Yep, as long as its raw! If you're referring to chicken bones as not being good to give, thats only if they are cooked. Raw chicken bones are fine as well. Pretty much any raw bone is safe, barring them having sharp edges from being cut. Large recreational raw bones can be a risk for breaking teeth, but that often depends on the dog and how they're chewing.


----------



## x3don (Feb 8, 2011)

At what month/age we can start give bones.


----------



## DeeMcB (Nov 28, 2010)

Ezra caught a rabbit (okay, it was already injured) and ate it right there in the field! Rabbit bones are small & edible - no worries there.

x3don, if you're going to feed Raw Meaty Bones, anytime! Raw feeding breeders wean straight to raw. Puppies may have the easiest time with bone-in chicken breasts as chicken ribs are easy to handle. You can move up to chicken thighs & drumsticks after that.

If you mean just recreational bones for chewing, I'm not sure. Weight bearing bones on large animals can be really hard and might break puppy teeth. I'll let someone who has more info answer that one.


----------



## ponyfarm (Apr 11, 2010)

My dogs snarf down the random dead rabbits and squirrels left behind by the wild critters. Of course, the meat is fresh frozen! Anyway,, the dogs seem just fine. Great poops, by the way.


----------



## Lauri & The Gang (Jun 28, 2001)

Young rabbit bones are not that much harder than chicken bones. The older the rabbit gets the tougher the bones are.

That being said, my dogs CKC (Catch, Kill and Consume) wild rabbits all the time. None of them have problems with the bones.


----------



## Lauri & The Gang (Jun 28, 2001)

x3don said:


> At what month/age we can start give bones.


My GSD started on chicken bones at 9 weeks of age. I wean puppies directly to raw and they get bones starting at 4 weeks of age (can't really consume them for a few weeks, though).

Forgot to add - those are always *RAW *bones, never cooked.


----------



## DrDoom (Nov 7, 2007)

Man, I would give anything to watch Bear catch a rabbit and eat it, lol.

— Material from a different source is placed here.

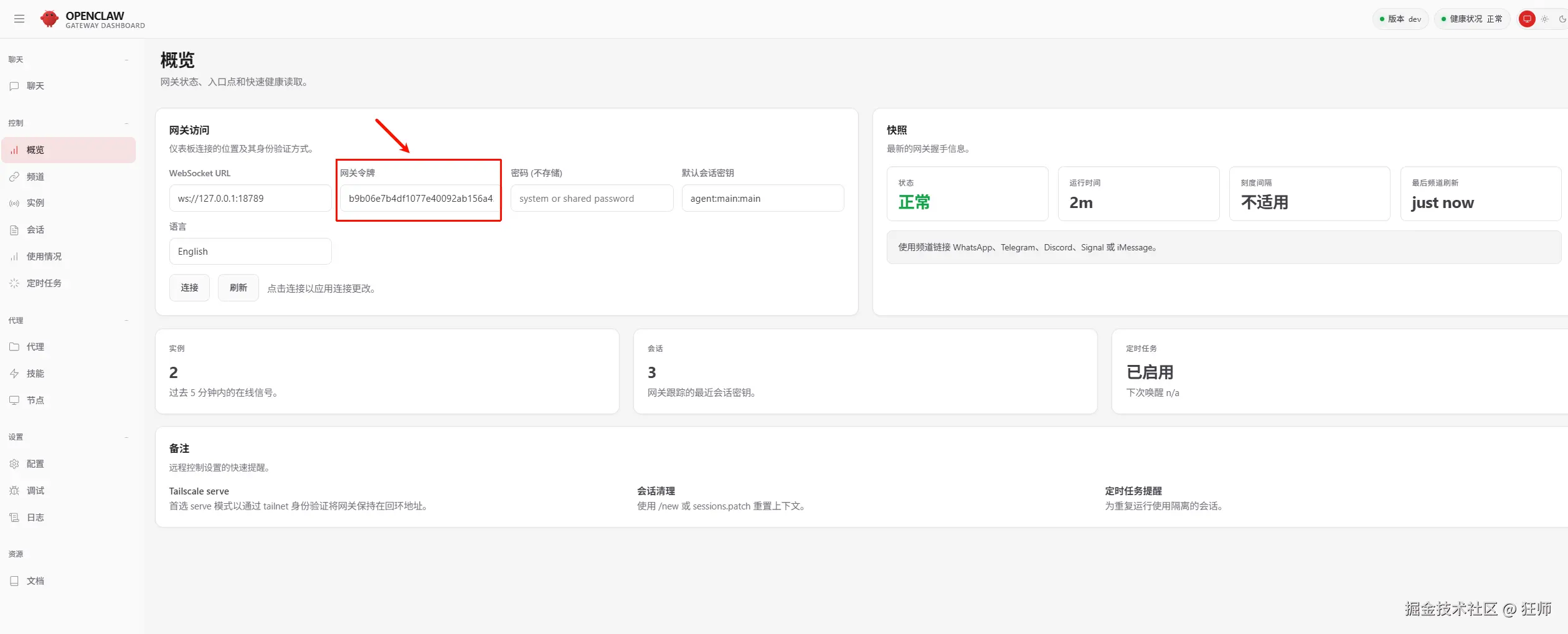 4)访问:http://127.0.0.1:18789/overview,获取网关令牌

The other day one ran out of the woods, skirted along the edge for a good fifty yards, then ducked back in. Bear was laying right by it's path. AFTER it was gone he got up, went to where it went back in, and woofed. Old man, lol. Those days are behind him.


----------



## Lauri & The Gang (Jun 28, 2001)

DrDoom said:


> Man, I would give anything to watch Bear catch a rabbit and eat it, lol. The other day one ran out of the woods, skirted along the edge for a good fifty yards, then ducked back in. Bear was laying right by it's path. AFTER it was gone he got up, went to where it went back in, and woofed.


That is the canine equivalent of " ... and STAY out!"

It's not always nice when dogs catch rabbits. If they don't do a quick, clean kill the rabbits scream - like a small child being tortured. Ugh!


----------



## Lin (Jul 3, 2007)

Lauri & The Gang said:


> It's not always nice when dogs catch rabbits. If they don't do a quick, clean kill the rabbits scream - like a small child being tortured. Ugh!


I used to be a rabbit breeder.... Rabbits only scream when they feel their life is in danger. The first time I heard it, it nearly gave me nightmares. I got semi used to it down the line as the babies (6 wks) would sometimes scream during ear tattooing.


----------



## DrDoom (Nov 7, 2007)

Yeah, he had gotten them in the past, but he must have been good because I never heard them scream. Been a long time though.


----------



## Lilie (Feb 3, 2010)

Lin said:


> I used to be a rabbit breeder.... Rabbits only scream when they feel their life is in danger. The first time I heard it, it nearly gave me nightmares. I got semi used to it down the line as the babies (6 wks) would sometimes scream during ear tattooing.


 
Silence of the Lambs comes to mind.....


----------